### DATA SECTION

───

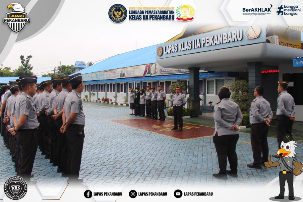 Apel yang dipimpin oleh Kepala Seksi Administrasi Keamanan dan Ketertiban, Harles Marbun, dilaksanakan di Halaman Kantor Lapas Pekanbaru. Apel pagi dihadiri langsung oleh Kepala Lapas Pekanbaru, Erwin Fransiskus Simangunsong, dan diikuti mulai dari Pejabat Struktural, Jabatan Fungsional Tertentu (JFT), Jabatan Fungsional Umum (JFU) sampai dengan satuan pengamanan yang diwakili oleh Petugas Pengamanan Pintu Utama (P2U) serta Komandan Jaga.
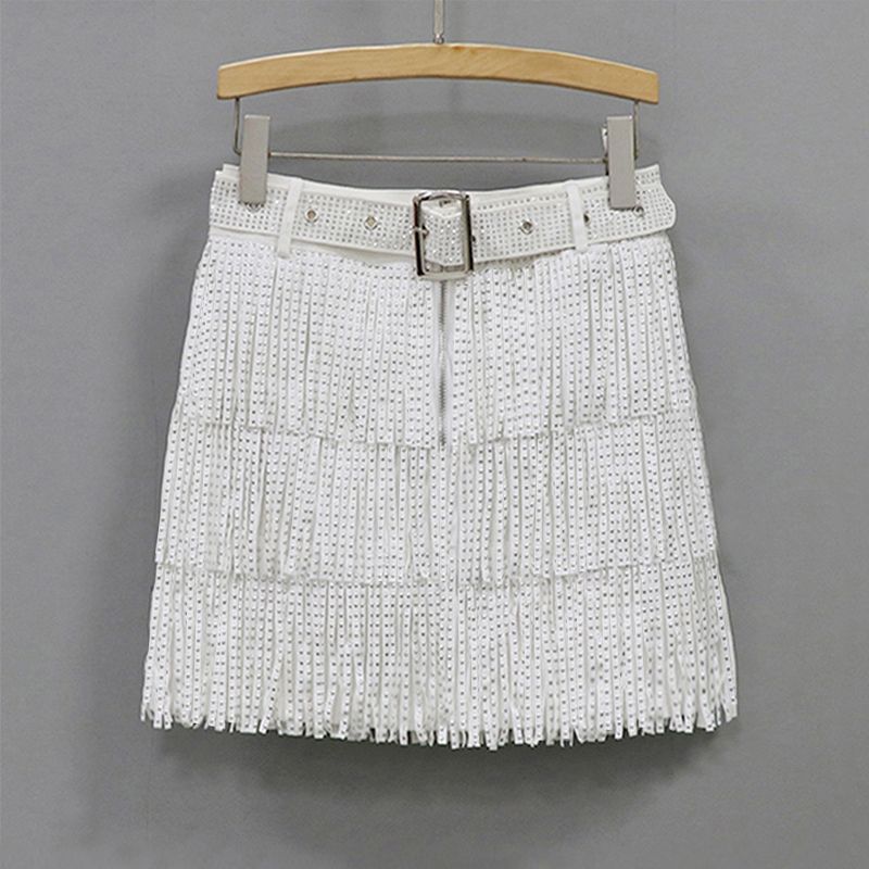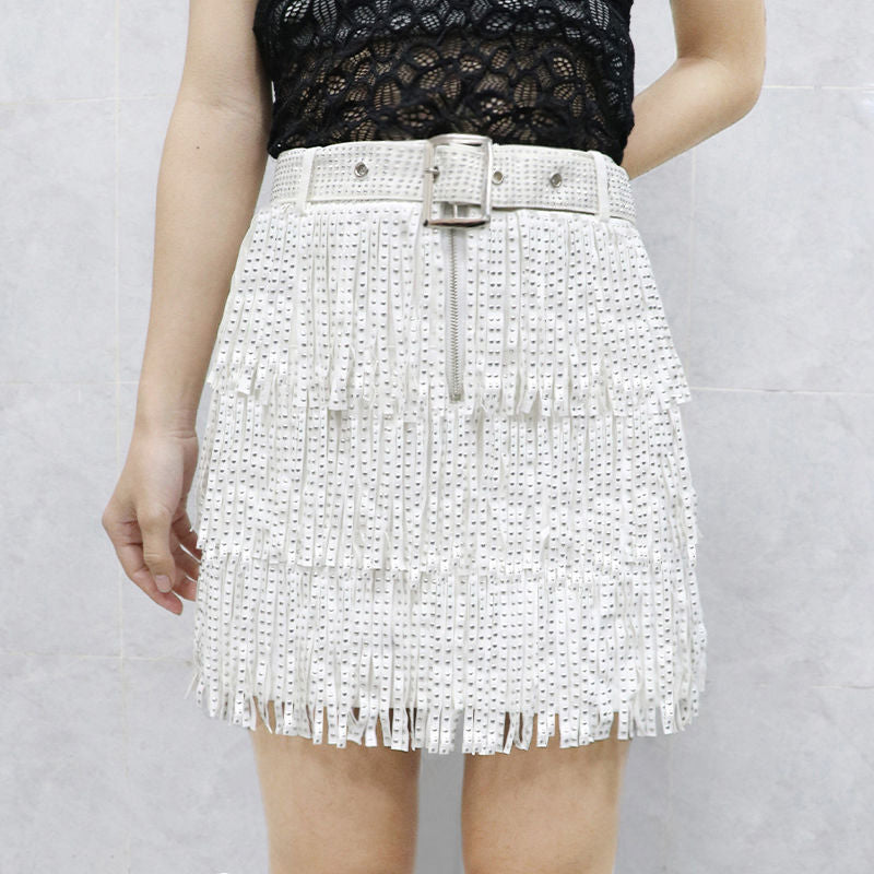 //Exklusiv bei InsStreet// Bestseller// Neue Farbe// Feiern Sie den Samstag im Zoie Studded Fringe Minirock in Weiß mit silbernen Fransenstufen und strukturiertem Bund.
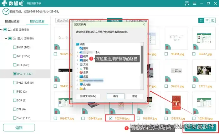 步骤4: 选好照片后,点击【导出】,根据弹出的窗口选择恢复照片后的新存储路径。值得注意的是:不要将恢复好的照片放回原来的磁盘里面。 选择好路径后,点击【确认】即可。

───

The output must match, line for line, the span from the line containing "und strukturiertem Bund." through the end of the data, with the pictures removed.

 //Exklusiv bei InsStreet// Bestseller// Neue Farbe// Feiern Sie den Samstag im Zoie Studded Fringe Minirock in Weiß mit silbernen Fransenstufen und strukturiertem Bund.
 步骤4: 选好照片后,点击【导出】,根据弹出的窗口选择恢复照片后的新存储路径。值得注意的是:不要将恢复好的照片放回原来的磁盘里面。 选择好路径后,点击【确认】即可。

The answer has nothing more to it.